General Lesley James McNair (May 25, 1883 - July 25, 1944) was an American Army officer who served during World War I and World War II.

He was born in Verndale, Minnesota, which was then a farming and mercantile community of 1,500. McNair, the son of a merchant, went on to graduated from West Point at the age of 21, and saw service under Gen. John J. Pershing, first in Mexico and then in France in the First World War. For his outstanding service, he was awarded both the Distinguished Service Medal and the French Legion of Honor.

In 1940, he was made major general--and undertook the reorganization of general headquarters at the U.S. Army War College. In 1941, he became a lieutenant general and commanding general of the Army Ground Forces. Chris Gabel has written of McNair's training skills, in which he still has no peers, in a book entitled `Louisiana Maneuvers.'

As Commandant of the Command and General Staff College, McNair initiated changes that prepared the College's graduates to meet the upcoming challenges of World War II.

In 1939, eighteen years after serving as an instructor at the General Service School at Fort Leavenworth—during which time he graduated from the Army School of the Line—General McNair returned to Fort Leavenworth to reform and update the instruction.

in 1941, the first African American combat soldiers for WWII entered Army training. McNair had fought the bigotry in the Army for years to allow the formation of segregated units during the war.

In 1942, General McNair was designated Commanding General, Army Ground Forces. Once he was satisfied that the Army could operate in large bodies he concentrated on revising training to simulate the conditions that the Army was facing in North Africa.
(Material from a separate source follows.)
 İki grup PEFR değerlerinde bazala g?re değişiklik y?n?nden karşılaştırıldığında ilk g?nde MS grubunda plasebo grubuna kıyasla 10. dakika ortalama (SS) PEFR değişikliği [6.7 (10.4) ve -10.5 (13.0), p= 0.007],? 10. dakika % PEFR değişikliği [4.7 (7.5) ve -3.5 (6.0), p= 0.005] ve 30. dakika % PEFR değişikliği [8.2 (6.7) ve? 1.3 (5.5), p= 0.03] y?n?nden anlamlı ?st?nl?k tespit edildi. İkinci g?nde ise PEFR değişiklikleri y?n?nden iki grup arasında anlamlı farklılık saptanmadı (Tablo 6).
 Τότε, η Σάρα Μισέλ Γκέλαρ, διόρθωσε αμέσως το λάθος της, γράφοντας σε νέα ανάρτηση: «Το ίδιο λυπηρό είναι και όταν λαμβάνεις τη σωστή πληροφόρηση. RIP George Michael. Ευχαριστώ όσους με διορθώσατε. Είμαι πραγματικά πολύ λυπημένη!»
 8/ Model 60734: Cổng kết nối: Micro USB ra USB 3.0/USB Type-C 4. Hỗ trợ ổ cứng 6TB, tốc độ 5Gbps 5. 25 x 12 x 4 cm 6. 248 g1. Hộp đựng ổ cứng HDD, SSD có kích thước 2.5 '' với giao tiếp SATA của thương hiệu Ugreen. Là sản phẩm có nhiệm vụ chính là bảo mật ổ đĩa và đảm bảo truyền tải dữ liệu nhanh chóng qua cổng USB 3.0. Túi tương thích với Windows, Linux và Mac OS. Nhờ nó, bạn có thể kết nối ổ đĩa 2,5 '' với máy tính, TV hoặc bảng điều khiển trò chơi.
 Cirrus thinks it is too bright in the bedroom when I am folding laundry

McNair, who had already received a Purple Heart for being wounded in the North African Campaign, was killed July 25, 1944 near St. Lo during Operation Cobra, by a misplaced aerial bombardment. He was the highest-ranking American to be killed in action in World War II.

It was said of LTG McNair that he did more than train men—he realized that no army can be fully effective unless it is properly organized, correctly equipped, adequately led, and completely trained. His insistence on these fundamentals, especially realistic training, helped save untold thousands of American lives.

Fort Lesley McNair in Washington, D.C. was renamed in his honor in 1948. McNair Barracks, a kaserne in Berlin, Germany that housed the infantry units of the Berlin Brigade, U.S. Army Berlin, was named in his honor.

In 1954 Congress promoted him posthumously to the rank of General.